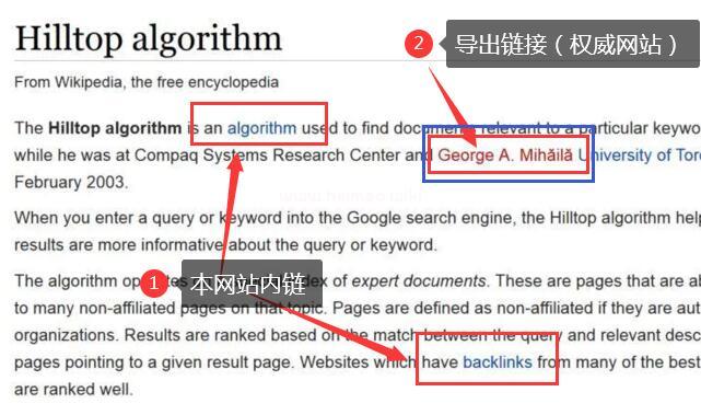 網站頁面內容中鏈接到權威網站可以增加你頁面的權威性,除了著名的企鵝算法和蜂鳥算法,還有一個重要的谷歌算法更新叫做Hilltop。 Hilltop本質上是一個頁面SEO信號方式,告訴谷歌這個頁面是否是一個信息中心。
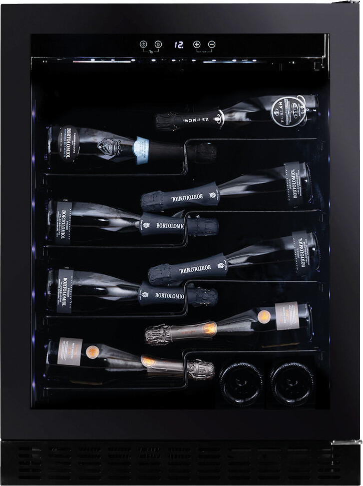 Стеклянная дверь — дополнительный изящный штрих к общему дизайну модели. Специальное покрытие защищает вино от влияния ультрафиолетовых лучей, которые проникают, если шкаф находится в солнечной комнате. Хранение становится еще безопаснее и герметичнее благодаря нескольким слоям стекол. Цвет корпуса — черный матовый. Дверь можно перевесить на другую сторону, поэтому вариантов размещения его в доме становится больше.
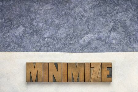 minimize word in vintage letterpress wood type against handmade textured amate paper, simplicity, minimalism and lifestyle concept
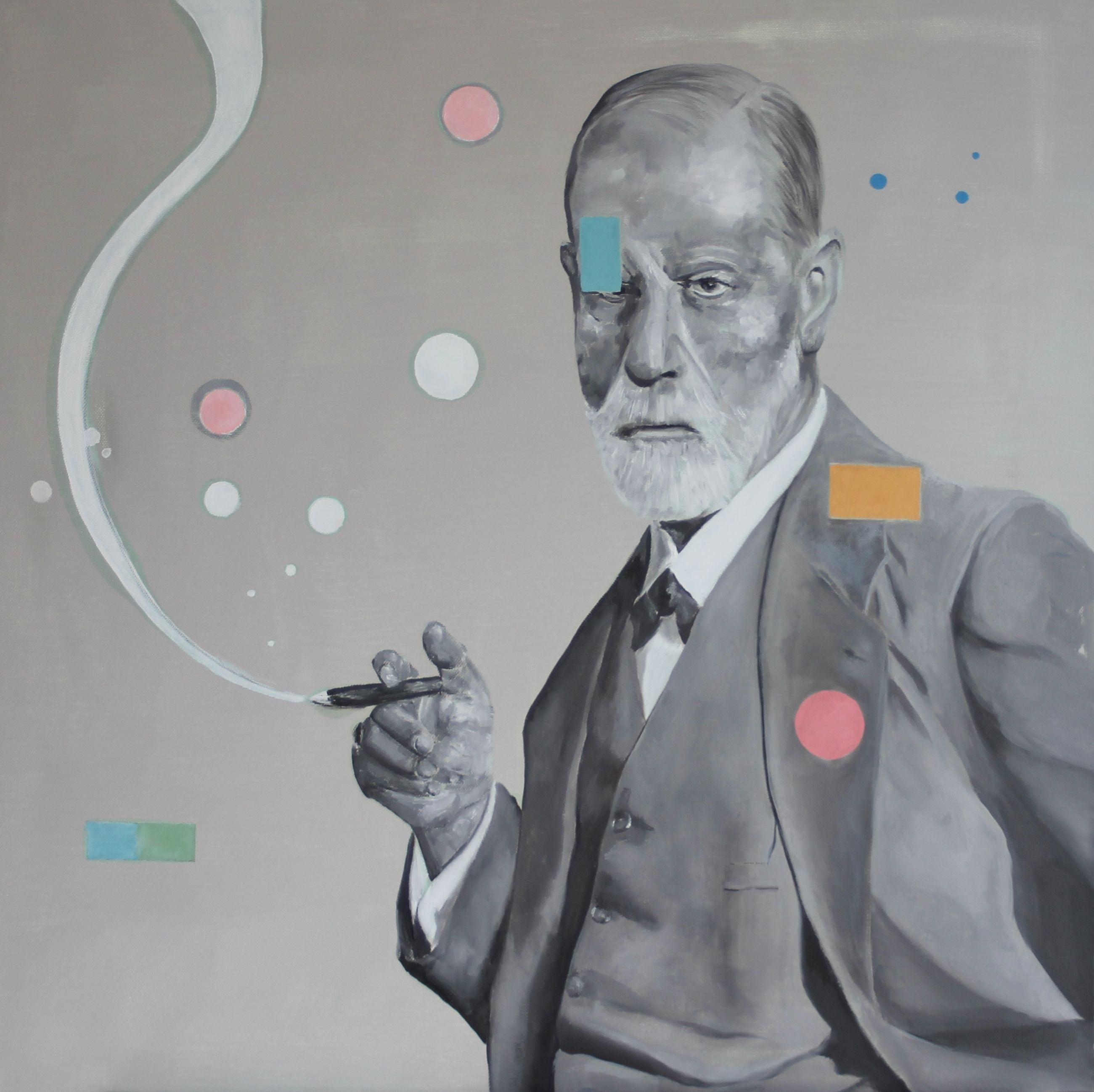 Lo Sciamano - l’opera vuole essere un omaggio pittorico a una figura chiave del XX secolo, colui che ha portato la luce della ragione nell’esplorazione dell’inconscio. Ho voluto sottolineare il parallelo con la pratica pittorica che cerca di afferrare la luce per mostrare la bellezza e la complessità dell’universo fuori e dentro di noi, svolgendo un’analoga funzione terapeutica. Per questo il sigaro di Freud è già un pennello che con lampi di luce e di colore evoca l’apparizione del nipote Lucian.
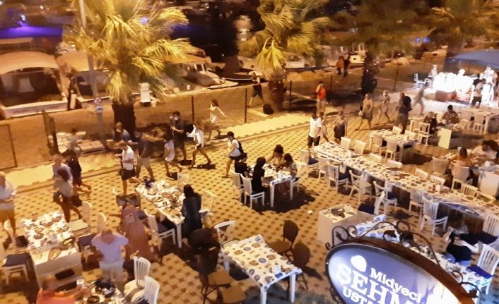 Gündoğan mahallesinde restoran sahibi Eyüp Özay ise bir andan bastıran yağmur nedeniyle müşterilerinin restoran girdiklerini söyleyerek “Bir andan yağmur bastırdı, misafirlerimizi içeri almak zorunda kaldık ama maske zorunluluğun da içeri aldık. Misafirlerimizin çoğu içeri mekanımızda. Bir andan içeri giren misafirlerimize mesafelerine dikkat etmelerini, maskelerini takmalarını istedik. Şu anda şiddetli bir yağmur var. Bütün masalarımızı boşalttık” dedi.
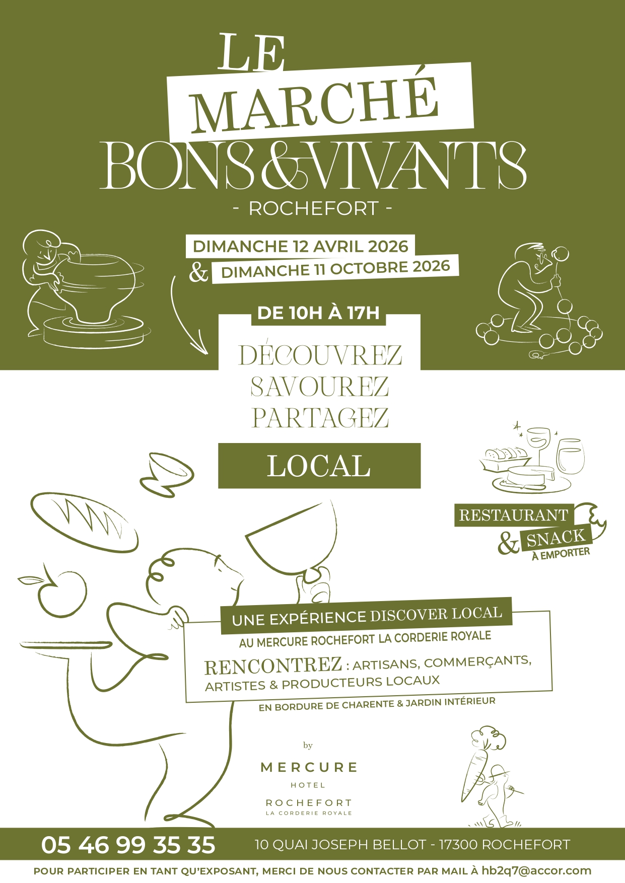 Ajouter à mon Calendrier 2026-04-12 00:00:00 2026-04-12 00:00:00 Marché BONS&VIVANTS En 2026, nous donnerons vie à un projet qui nous tient particulièrement à cœur : la toute première édition du marché local BONS&VIVANTS, organisée au Mercure Rochefort La Corderie Royale… et entièrement ouverte à tous, voyageurs comme habitants de la région. Pensé par Accor exclusivement pour les hôtels Mercure, le programme BONS&VIVANTS invite chacun à vivre une expérience profondément authentique, une immersion dans l’âme et la culture d’un territoire. À Rochefort, cette âme se révèle à travers la douceur de la Charente, la richesse de notre patrimoine maritime, la créativité foisonnante de nos artisans, la passion de nos producteurs et la sensibilité de nos artistes. Dans le cadre enchanteur de notre jardin, entre histoire et nature, ce marché deviendra un lieu de rencontres, de découvertes et d’émerveillement. Une promenade sensorielle où l’on goûte, où l’on observe, où l’on échange… chaque stand révélant une histoire, une passion, un éclat de Charente-Maritime. Nous souhaitons offrir un moment chaleureux, convivial et vibrant, où le savoir-faire local est célébré avec élégance et sincérité. Un marché où l’on vient par curiosité, où l’on reste par plaisir, et où l’on revient pour revivre ce sentiment unique de proximité, de partage et d’authenticité. Bienvenue dans notre univers BONS&VIVANTS, un événement ouvert à tous, où Rochefort dévoile toute sa beauté, son talent et son goût du vrai. Rochefort Ville de Rochefort gaetanpat@gmail.com Europe/Paris public

================

▶ [Activity]:
Could you repeat, exactly, only the lines above starting at the one that has "Стеклянная дверь —" and stopping after the one that has "Gündoğan mahallesinde restoran", without the pictures?

▶ [Output]:
 Стеклянная дверь — дополнительный изящный штрих к общему дизайну модели. Специальное покрытие защищает вино от влияния ультрафиолетовых лучей, которые проникают, если шкаф находится в солнечной комнате. Хранение становится еще безопаснее и герметичнее благодаря нескольким слоям стекол. Цвет корпуса — черный матовый. Дверь можно перевесить на другую сторону, поэтому вариантов размещения его в доме становится больше.
 minimize word in vintage letterpress wood type against handmade textured amate paper, simplicity, minimalism and lifestyle concept
 Lo Sciamano - l’opera vuole essere un omaggio pittorico a una figura chiave del XX secolo, colui che ha portato la luce della ragione nell’esplorazione dell’inconscio. Ho voluto sottolineare il parallelo con la pratica pittorica che cerca di afferrare la luce per mostrare la bellezza e la complessità dell’universo fuori e dentro di noi, svolgendo un’analoga funzione terapeutica. Per questo il sigaro di Freud è già un pennello che con lampi di luce e di colore evoca l’apparizione del nipote Lucian.
 Gündoğan mahallesinde restoran sahibi Eyüp Özay ise bir andan bastıran yağmur nedeniyle müşterilerinin restoran girdiklerini söyleyerek “Bir andan yağmur bastırdı, misafirlerimizi içeri almak zorunda kaldık ama maske zorunluluğun da içeri aldık. Misafirlerimizin çoğu içeri mekanımızda. Bir andan içeri giren misafirlerimize mesafelerine dikkat etmelerini, maskelerini takmalarını istedik. Şu anda şiddetli bir yağmur var. Bütün masalarımızı boşalttık” dedi.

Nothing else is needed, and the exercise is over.